As a 4H leader and the one who seems to get chosen to do decorations every year (by kids, parents and the other 4H leader of the group) I try to do something with the theme every year. This year we raised money to buy bandanas (black and red, our club colors). I sewed them together alternating colors to make valances above our stalls. This will be the base for years to come. Anyways, I try to do something that incorporates the fair theme. This year it is Blue Jeans and Country Dreams. So I had people donate old blue jeans. I cut the pockets off the jeans and put the animals names on them with puffy paint.

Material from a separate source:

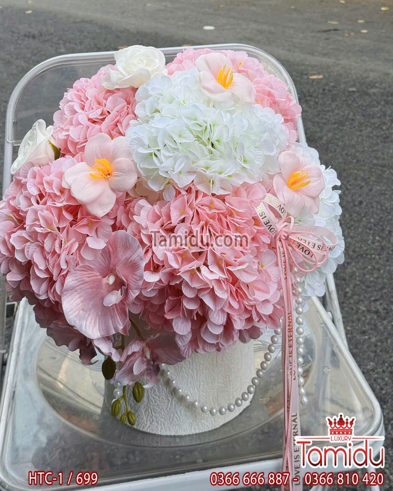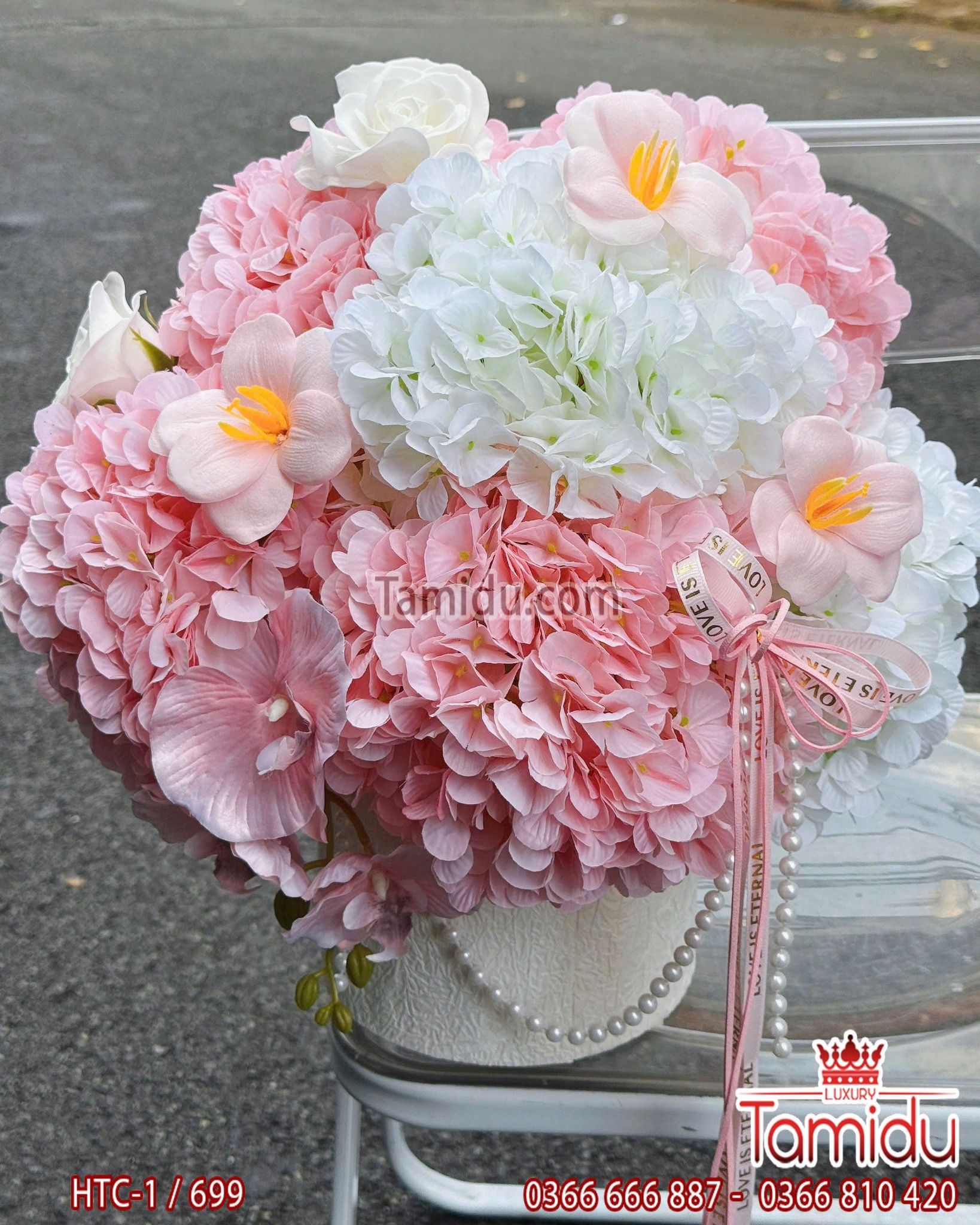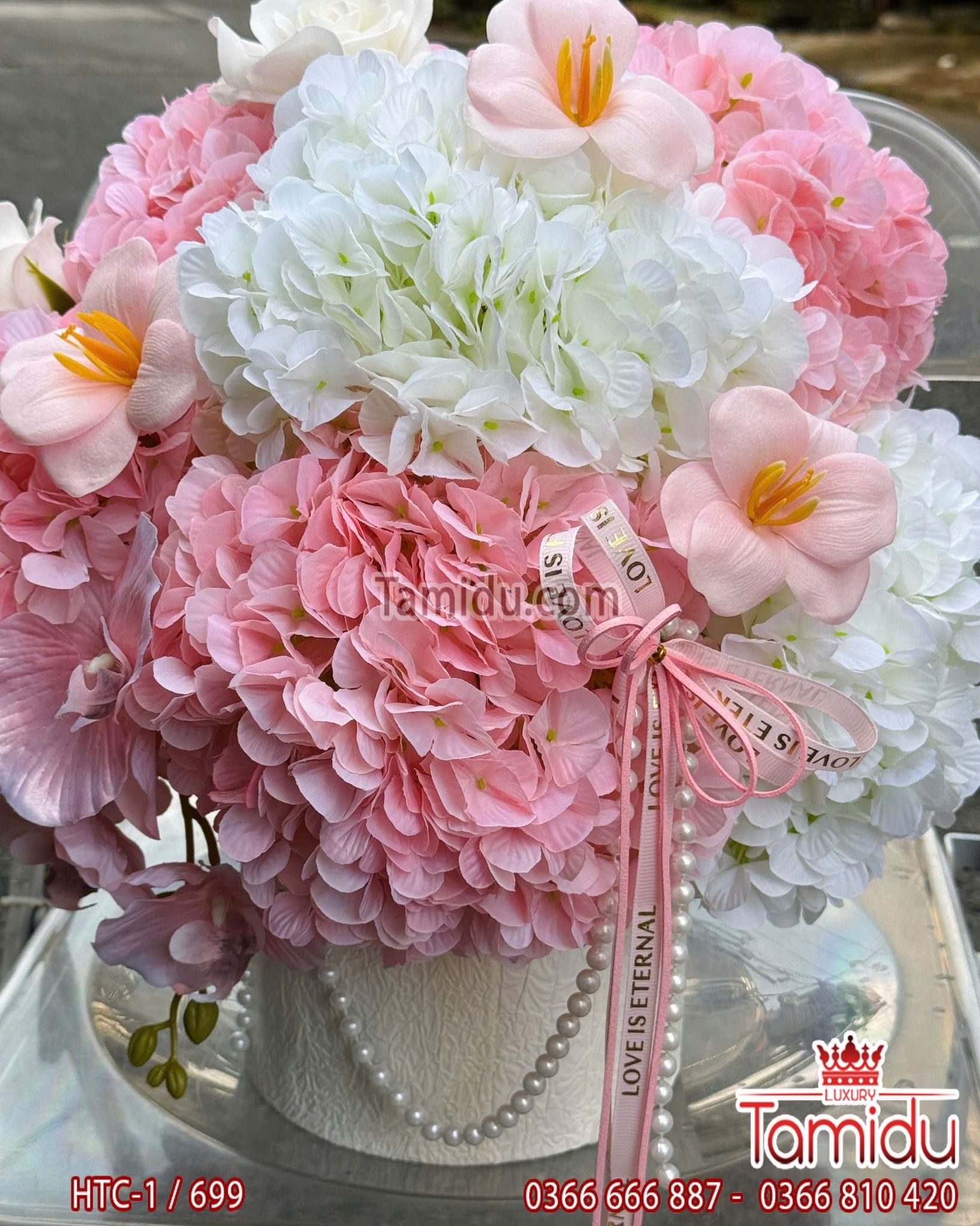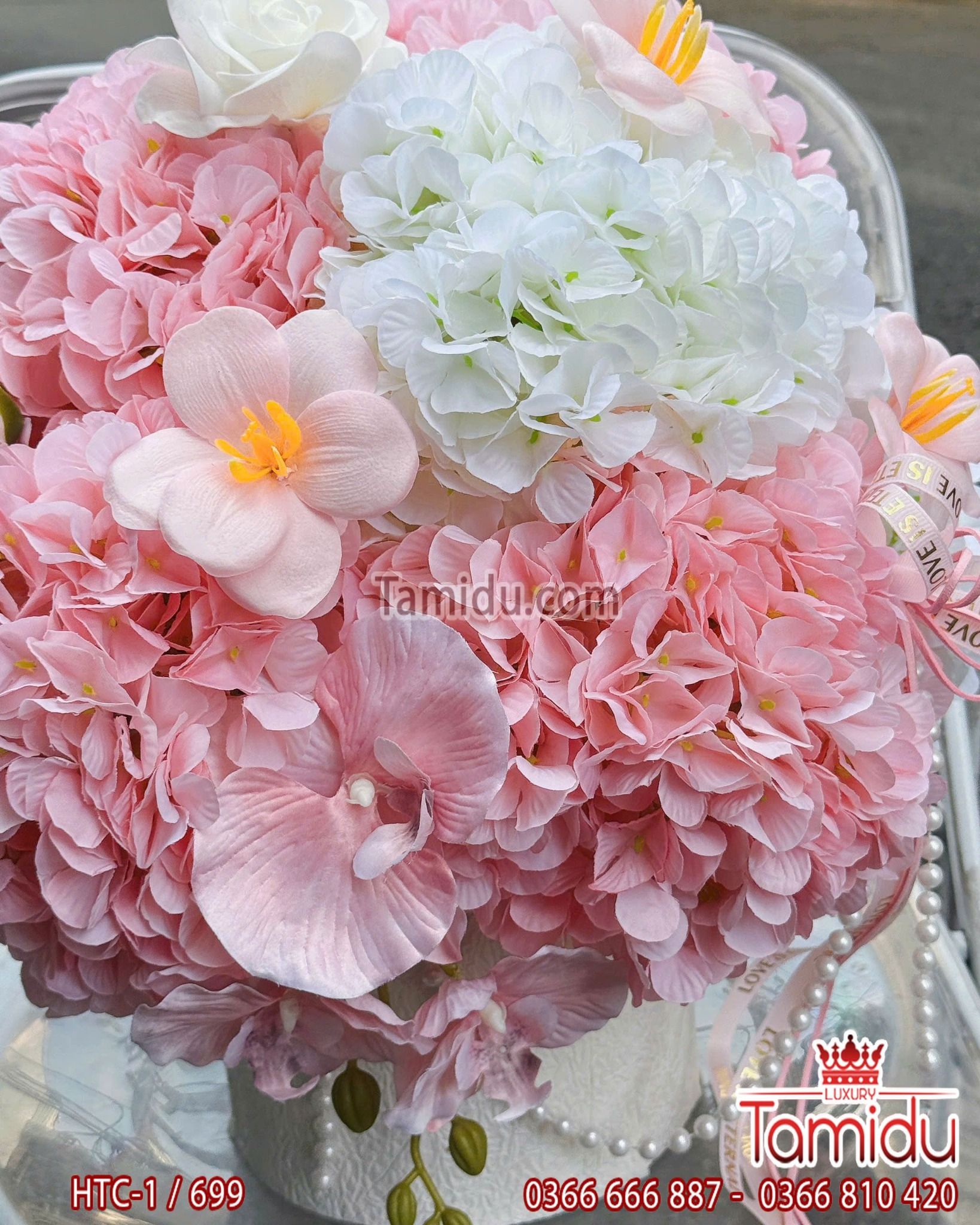 hộp hoa tú cầu lụa nhẹ nhàng xinh xắn, từng bông hoa núng nính như sự dễ thương của nàng

These will be hung in front of our curtains with twine and wooden clothes pins. Also having the clothes pins will allow the kids to hang their ribbons high enough that the goats won't eat them, because we all know how goats love the taste of ribbons. LOL!


----------



## kccountryfarm (Apr 2, 2014)

Here's another idea. I made these last year. I made smaller ones for the small animals and larger ones for the kids and their horses.


----------



## codypaints (Jul 15, 2014)

I am the "goat leader", which means my kids are the only ones in our club who show goats (not that we know that much about goats, its only our 2nd year of goats OR 4H) and we are required to decorate a 3' x 4' board with promotional materials. I did find a printout from Iowa State with goat meat cuts but wanting to do more. Ideas? There is a little slot in the board for handouts (tri-fold paper) but I would like to decorate it in some fashion, as this is part of the herdsman competition between clubs. Suggestions?


----------